(Stored entries)
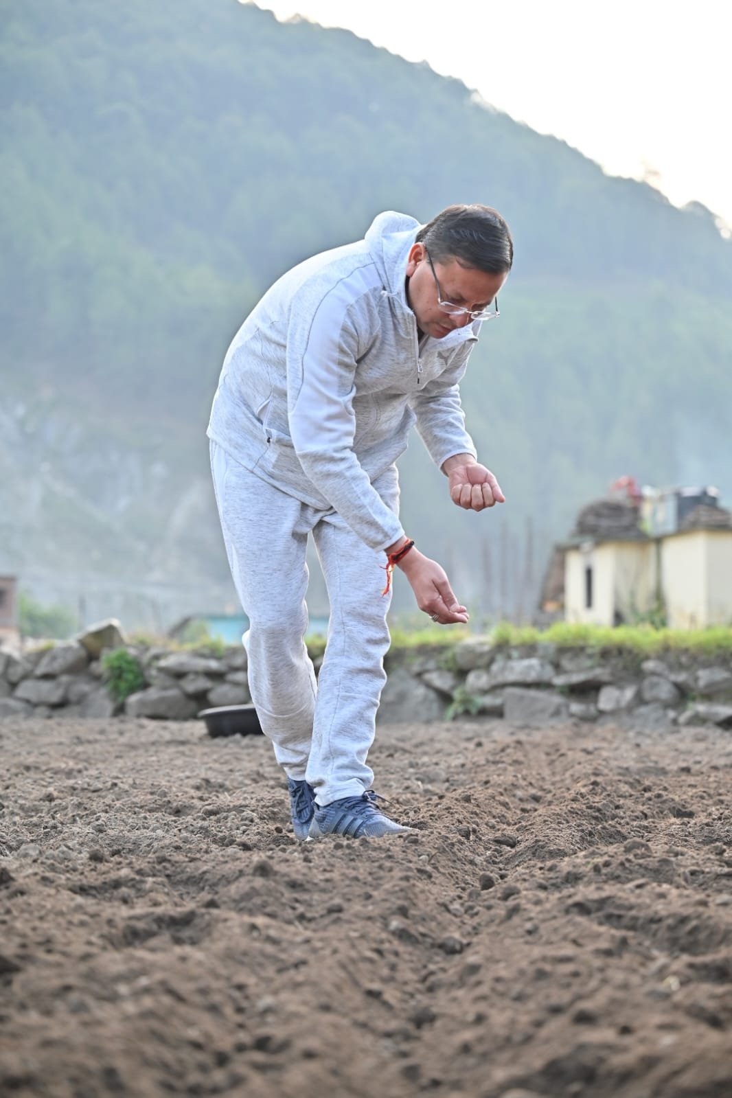 उत्तरकाशी के ग्राम शिरोर में “मंडुआ” की बुवाई की पुष्कर सिंह धामी ने
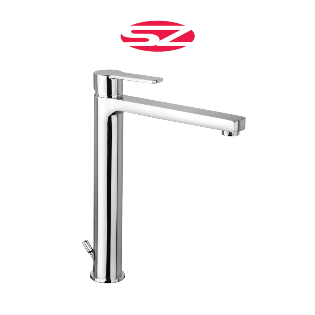 Miscelatore lavabo canna lunga completo di: • aeratore M24x1 • set 2 flessibili inox 3/8”G NT 085 con scarico automatico...
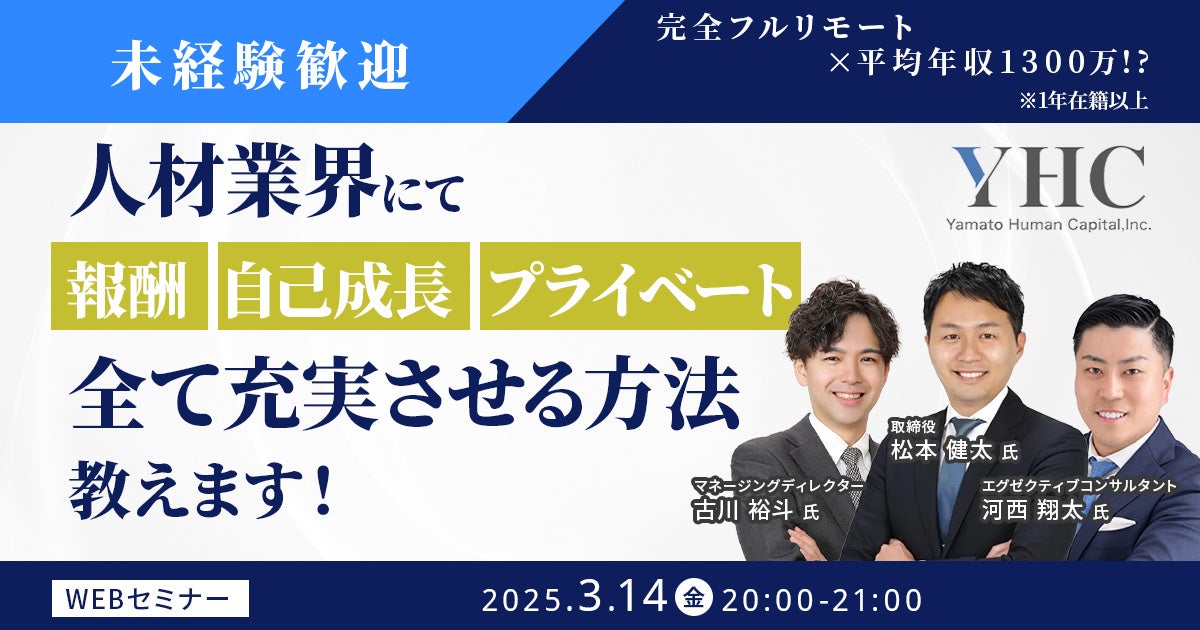 【3/14開催】完全フルリモート×平均年収1300万!? 人材業界にて報酬、自己成長、プライベート全て充実させる方法教えます!
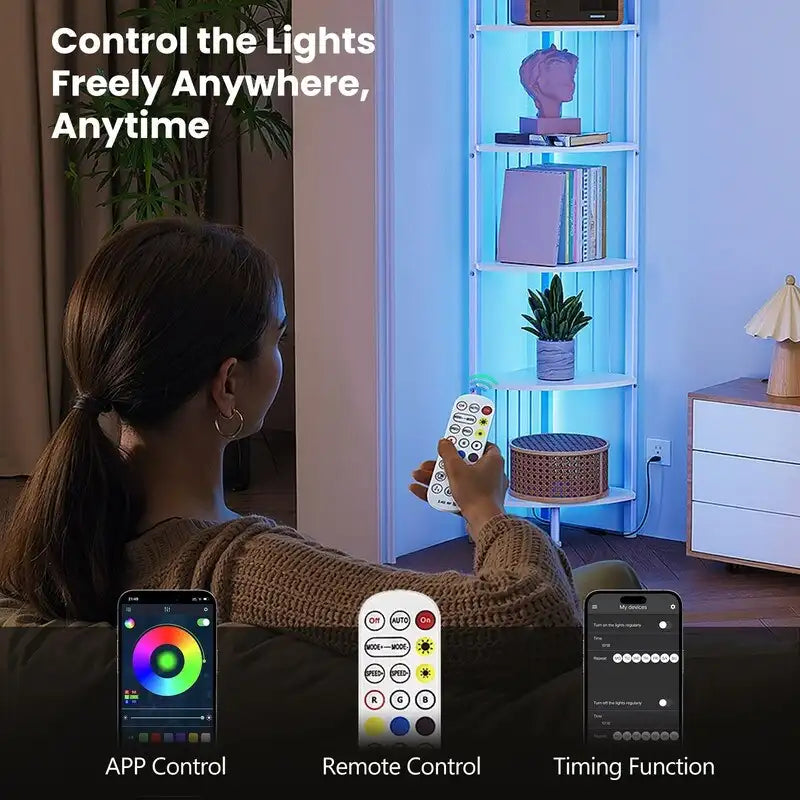 Versatile Corner Shelf with Light:Transform your space with our LED Corner Shelf,Whether used as a bookshelf, display shelf,storage shelf unit,or plant shelf,it seamlessly fits into your living room,bedroom,home office,or balcony.Its 90 right-angle design maximizes every inch,blending functionality with elegance.
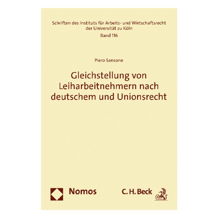 Die Dissertation von Piero Sansone stellt Inhalt, Ausnahmen und Rechtsfolgen der nationalen Regelung des Gleichstellungsgrundsatzes dar. Neben dieser „Bestandsaufnahme“ des geltenden Rechts werden die Auswirkungen der bis zum 5.12.2011 umzusetzenden Richtlinie 2008/104/EG über Leiharbeit auf die deutsche Normierung des Gleichstellungsgrundsatzes untersucht, die in Art. 5 einen auf den ersten Blick vergleichbaren „Grundsatz der Gleichbehandlung“ von Leiharbeitnehmern enthält.
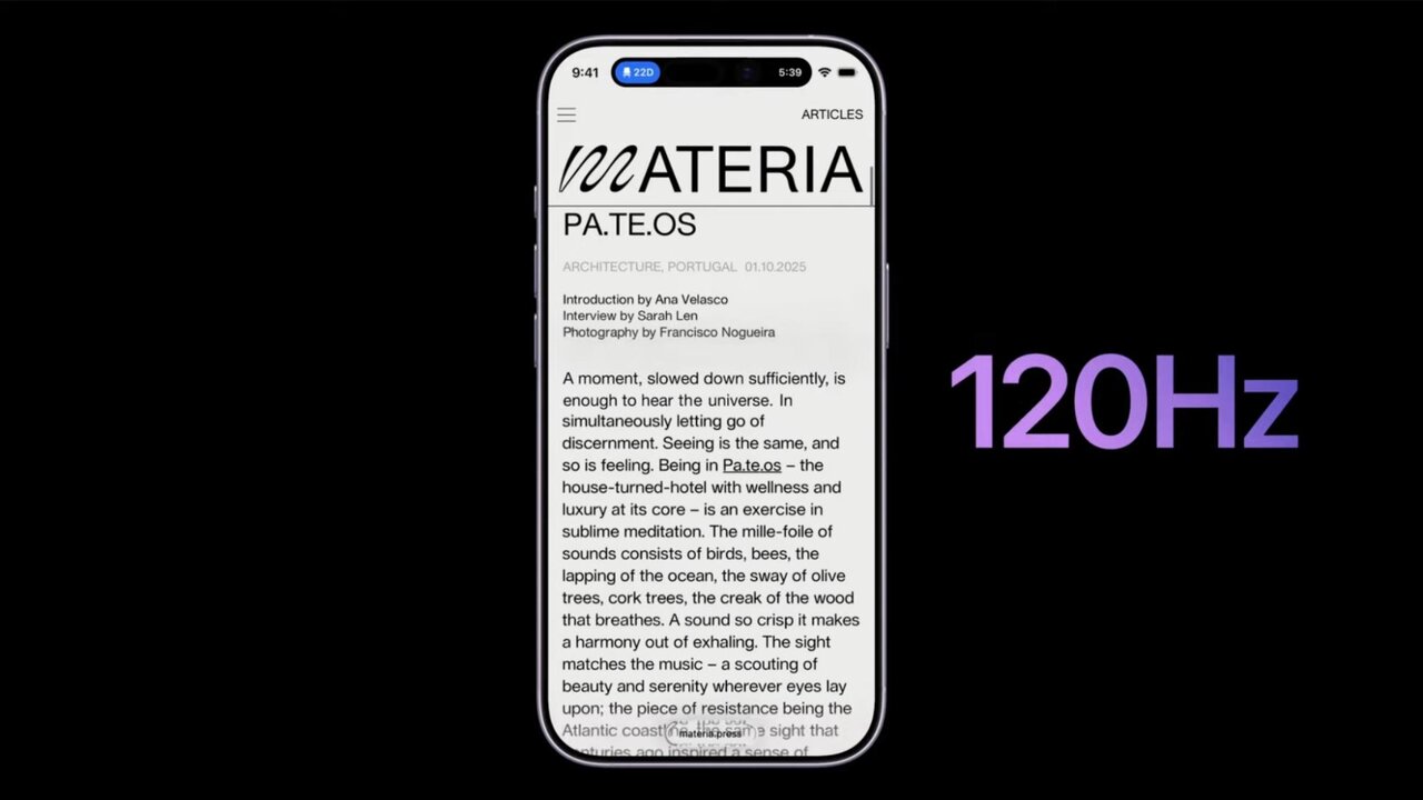 ディスプレイは待望のProMotionに対応。リフレッシュレート(1秒間の画面更新回数)が従来の60Hzから最大120Hzになり、スクロールや画面の切り替えがなめらかになりました。更新回数は必要に応じて自動調整され、例えば、素早くスクロールしたときには更新回数が増え、遅くスクロールすると更新回数が減るので、消費電力を抑えることができます。
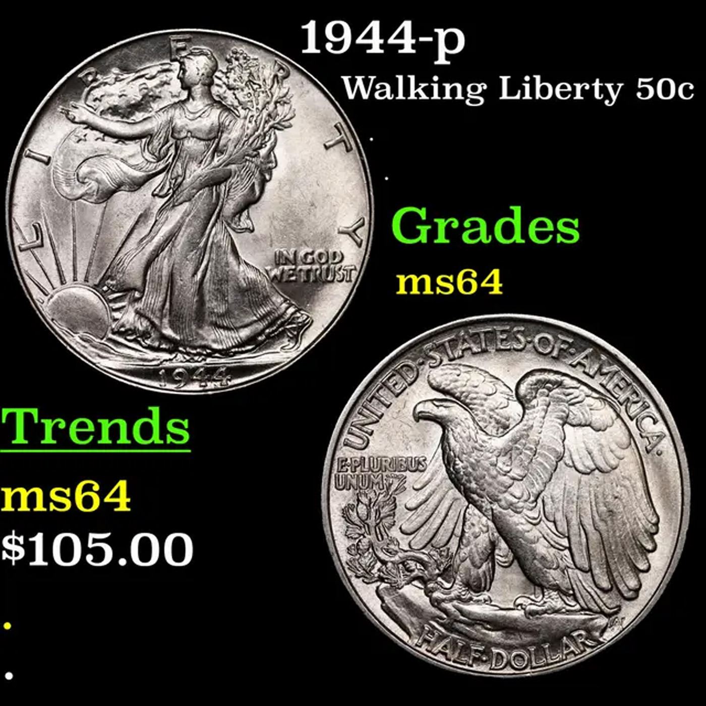 1944-p Walking Liberty Half Dollar 50c Grades Choice Unc.

▶ [Work order] Would you output the lines above from the line holding "Die Dissertation von" up to and including the line holding "ディスプレイは待望のProM", exactly and only those, with no pictures?

▶ [Response to the task]
 Die Dissertation von Piero Sansone stellt Inhalt, Ausnahmen und Rechtsfolgen der nationalen Regelung des Gleichstellungsgrundsatzes dar. Neben dieser „Bestandsaufnahme“ des geltenden Rechts werden die Auswirkungen der bis zum 5.12.2011 umzusetzenden Richtlinie 2008/104/EG über Leiharbeit auf die deutsche Normierung des Gleichstellungsgrundsatzes untersucht, die in Art. 5 einen auf den ersten Blick vergleichbaren „Grundsatz der Gleichbehandlung“ von Leiharbeitnehmern enthält.
 ディスプレイは待望のProMotionに対応。リフレッシュレート(1秒間の画面更新回数)が従来の60Hzから最大120Hzになり、スクロールや画面の切り替えがなめらかになりました。更新回数は必要に応じて自動調整され、例えば、素早くスクロールしたときには更新回数が増え、遅くスクロールすると更新回数が減るので、消費電力を抑えることができます。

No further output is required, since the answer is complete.